(Data in this exercise Opens)

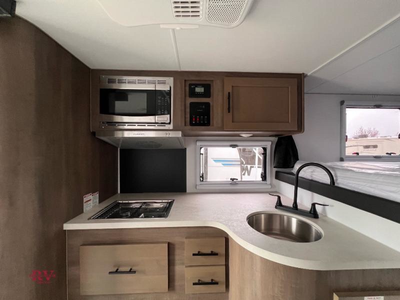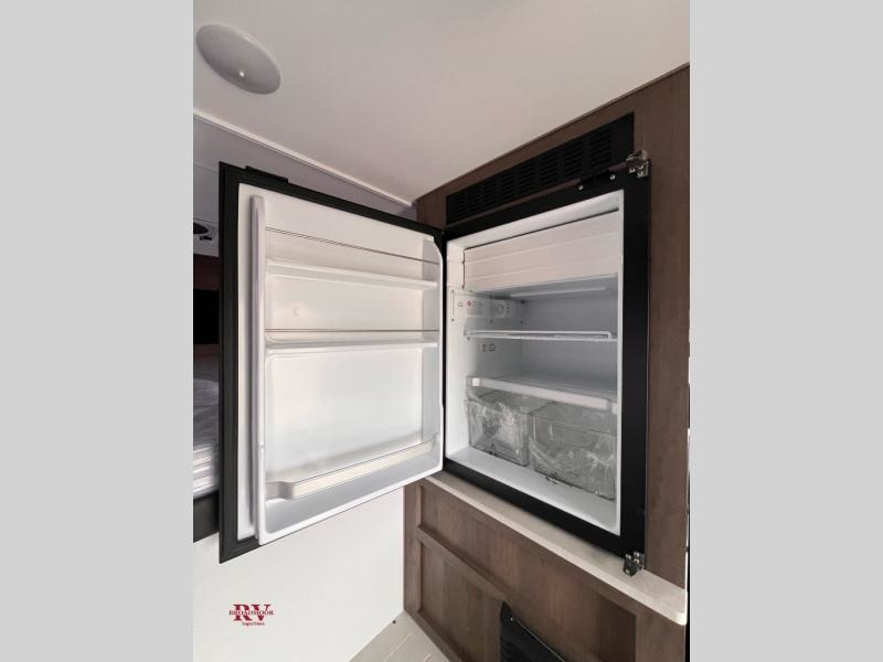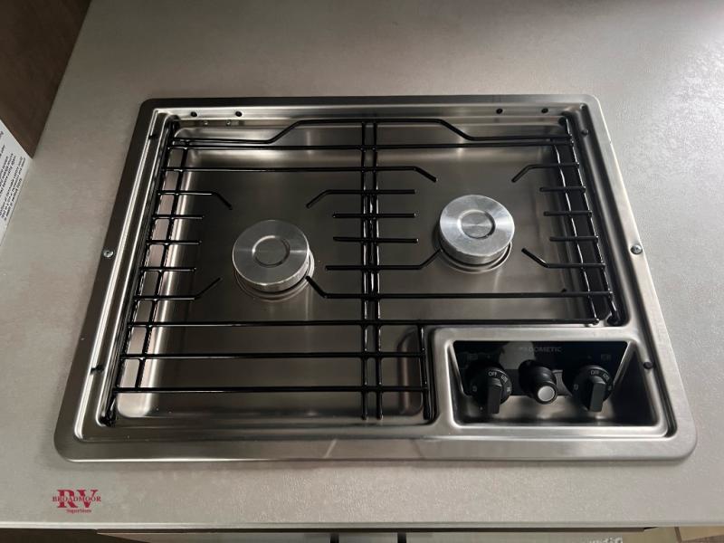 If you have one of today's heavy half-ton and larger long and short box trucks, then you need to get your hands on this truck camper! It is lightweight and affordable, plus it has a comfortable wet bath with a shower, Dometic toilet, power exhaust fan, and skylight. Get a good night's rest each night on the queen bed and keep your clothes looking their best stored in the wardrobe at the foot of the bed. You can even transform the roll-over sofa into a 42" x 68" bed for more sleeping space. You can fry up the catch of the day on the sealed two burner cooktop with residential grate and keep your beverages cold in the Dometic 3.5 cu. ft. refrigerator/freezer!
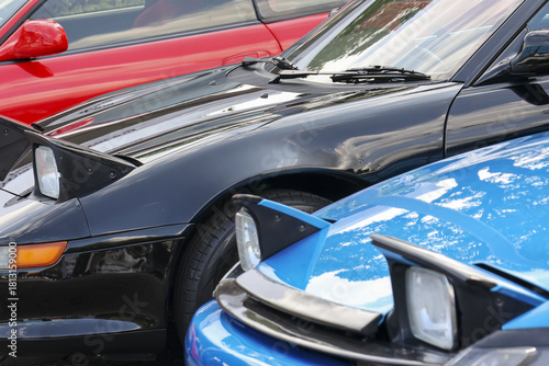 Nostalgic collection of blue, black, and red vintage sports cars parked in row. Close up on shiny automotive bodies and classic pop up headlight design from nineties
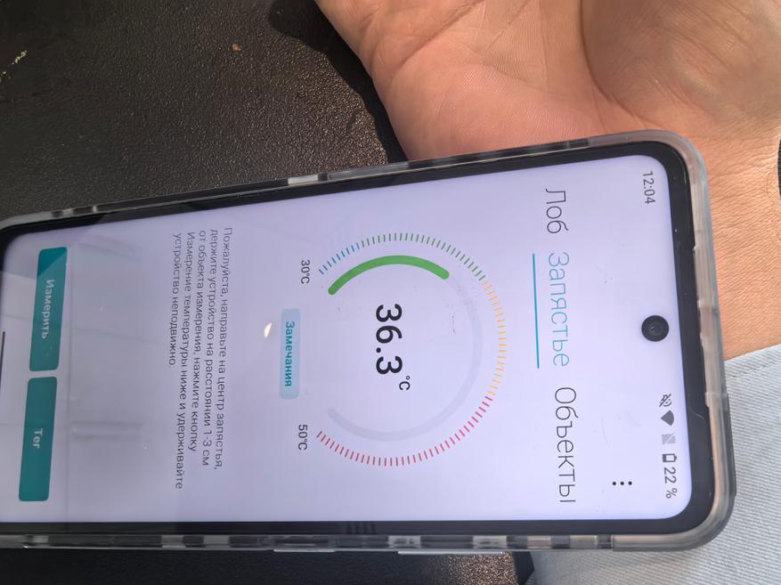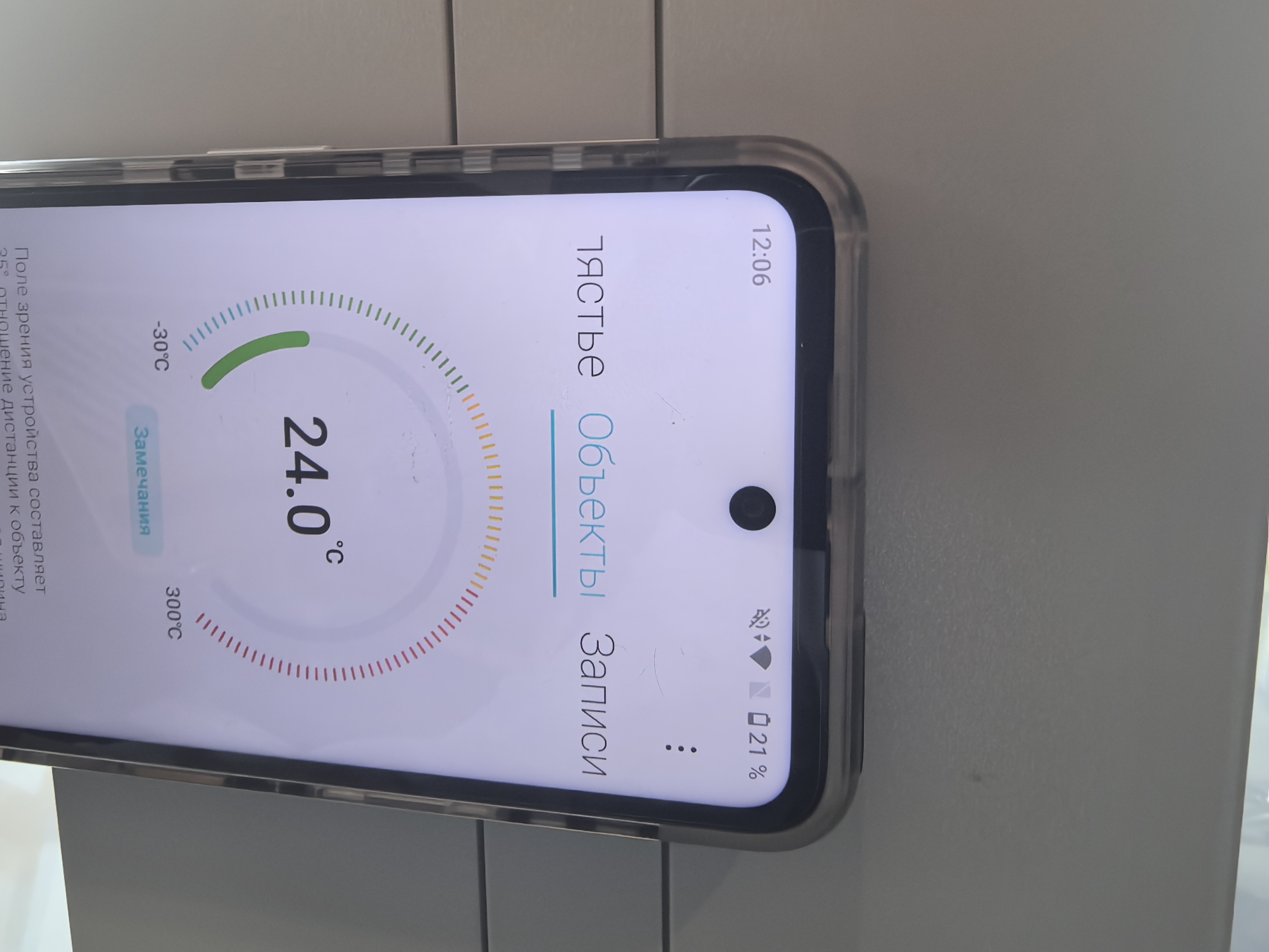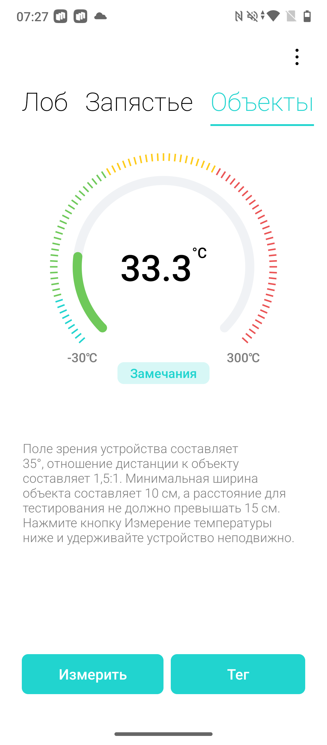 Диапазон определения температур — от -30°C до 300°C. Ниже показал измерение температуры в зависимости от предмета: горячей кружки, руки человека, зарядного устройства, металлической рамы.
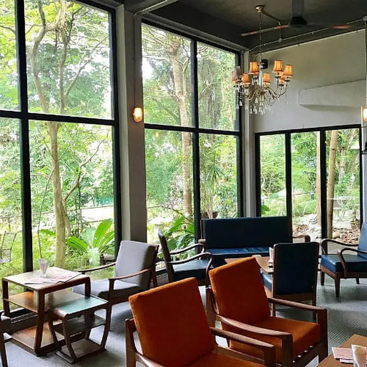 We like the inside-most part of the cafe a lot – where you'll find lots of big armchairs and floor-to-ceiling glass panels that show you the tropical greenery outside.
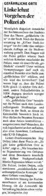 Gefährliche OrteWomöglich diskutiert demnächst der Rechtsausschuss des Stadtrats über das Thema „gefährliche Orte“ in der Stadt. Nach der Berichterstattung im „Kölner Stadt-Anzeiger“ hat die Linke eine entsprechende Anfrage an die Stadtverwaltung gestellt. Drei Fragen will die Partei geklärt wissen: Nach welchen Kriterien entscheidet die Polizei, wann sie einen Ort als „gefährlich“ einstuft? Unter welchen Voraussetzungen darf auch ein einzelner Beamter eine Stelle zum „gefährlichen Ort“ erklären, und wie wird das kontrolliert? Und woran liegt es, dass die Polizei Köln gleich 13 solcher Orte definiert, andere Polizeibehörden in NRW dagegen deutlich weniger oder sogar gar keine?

(Data in this exercise Closes)
(Data in this exercise Opens)

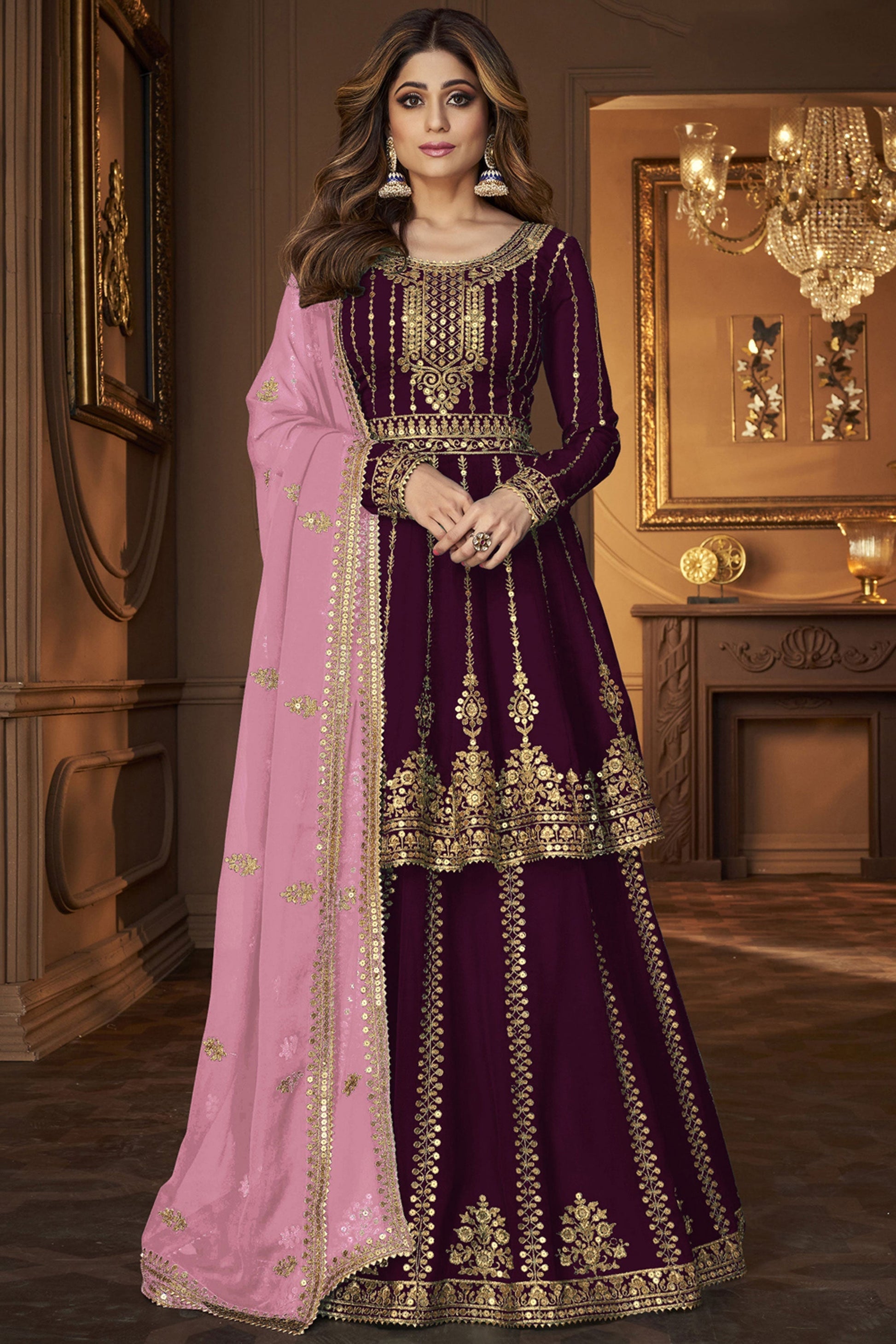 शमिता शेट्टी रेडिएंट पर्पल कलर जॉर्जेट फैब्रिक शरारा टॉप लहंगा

(Data in this exercise Closes)
(Data in this exercise Opens)

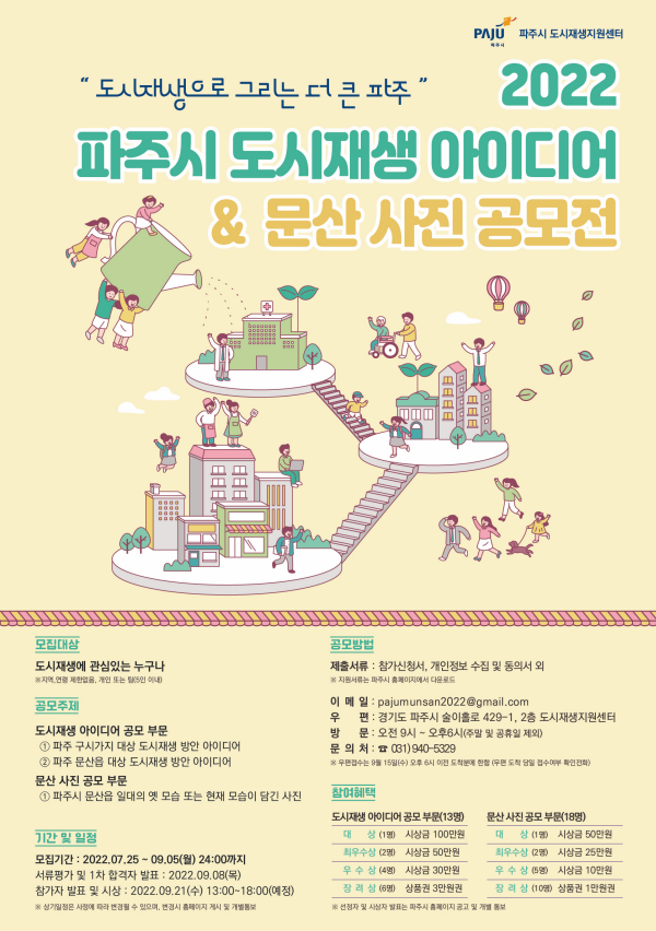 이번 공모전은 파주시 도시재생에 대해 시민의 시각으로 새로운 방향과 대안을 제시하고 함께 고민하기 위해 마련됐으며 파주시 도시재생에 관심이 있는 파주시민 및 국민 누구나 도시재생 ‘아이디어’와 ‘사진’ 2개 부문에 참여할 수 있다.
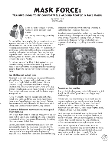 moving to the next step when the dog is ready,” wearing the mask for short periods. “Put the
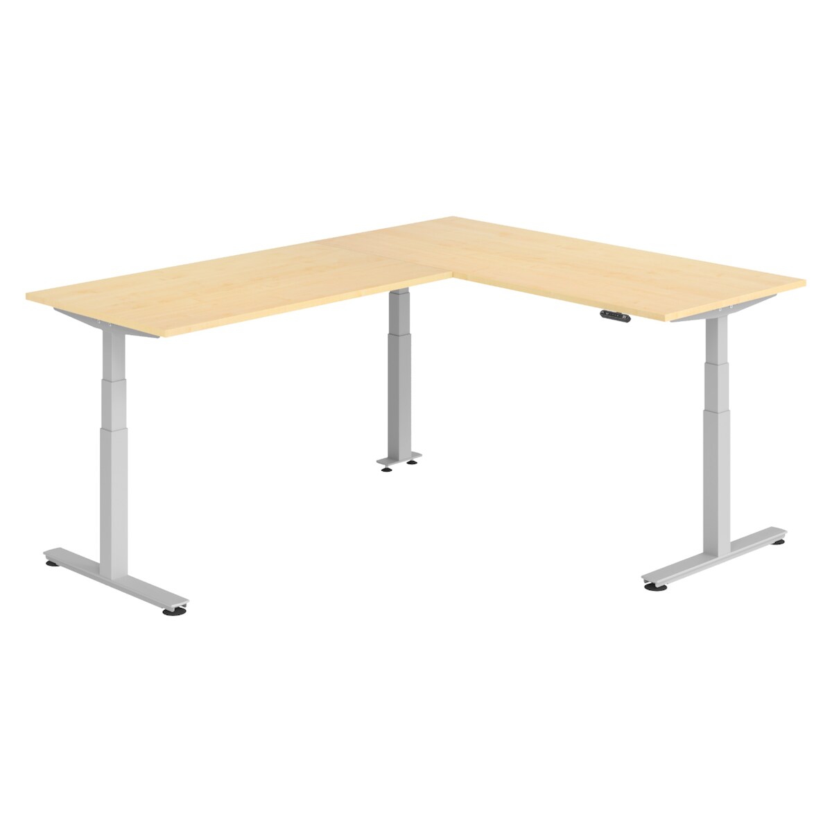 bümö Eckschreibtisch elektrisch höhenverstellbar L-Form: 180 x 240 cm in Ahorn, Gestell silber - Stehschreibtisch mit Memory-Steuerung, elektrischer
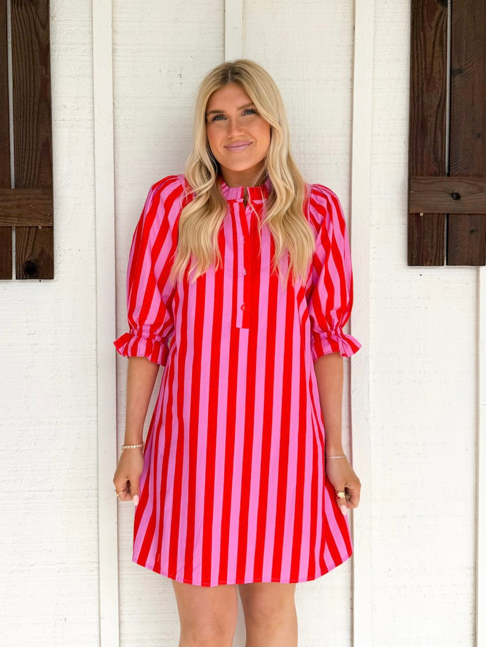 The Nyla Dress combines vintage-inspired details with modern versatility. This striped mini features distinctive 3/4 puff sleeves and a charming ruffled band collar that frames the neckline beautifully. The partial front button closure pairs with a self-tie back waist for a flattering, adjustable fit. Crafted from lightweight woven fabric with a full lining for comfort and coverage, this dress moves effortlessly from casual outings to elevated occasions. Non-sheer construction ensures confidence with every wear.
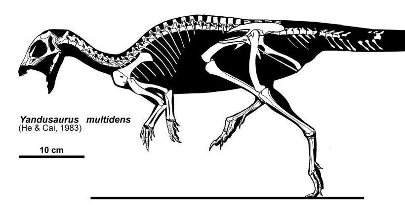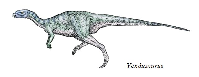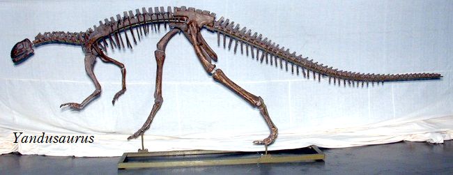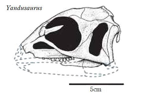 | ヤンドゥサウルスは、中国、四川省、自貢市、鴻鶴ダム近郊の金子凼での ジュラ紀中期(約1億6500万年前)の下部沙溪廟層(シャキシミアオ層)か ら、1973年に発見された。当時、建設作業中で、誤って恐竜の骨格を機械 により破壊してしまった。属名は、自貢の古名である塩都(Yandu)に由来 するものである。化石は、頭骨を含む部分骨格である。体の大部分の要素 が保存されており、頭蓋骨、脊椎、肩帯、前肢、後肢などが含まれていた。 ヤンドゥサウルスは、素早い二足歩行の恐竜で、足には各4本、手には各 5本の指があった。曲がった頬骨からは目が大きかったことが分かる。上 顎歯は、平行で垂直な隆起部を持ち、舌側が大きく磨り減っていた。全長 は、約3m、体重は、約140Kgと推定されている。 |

(Data in this exercise Closes)

§ Task: Using the data above, transcribe exactly the lines between those containing "Диапазон определения температур" and "We like the", inclusive, and leave every picture behind.

§ Exercise result:
 Диапазон определения температур — от -30°C до 300°C. Ниже показал измерение температуры в зависимости от предмета: горячей кружки, руки человека, зарядного устройства, металлической рамы.
 We like the inside-most part of the cafe a lot – where you'll find lots of big armchairs and floor-to-ceiling glass panels that show you the tropical greenery outside.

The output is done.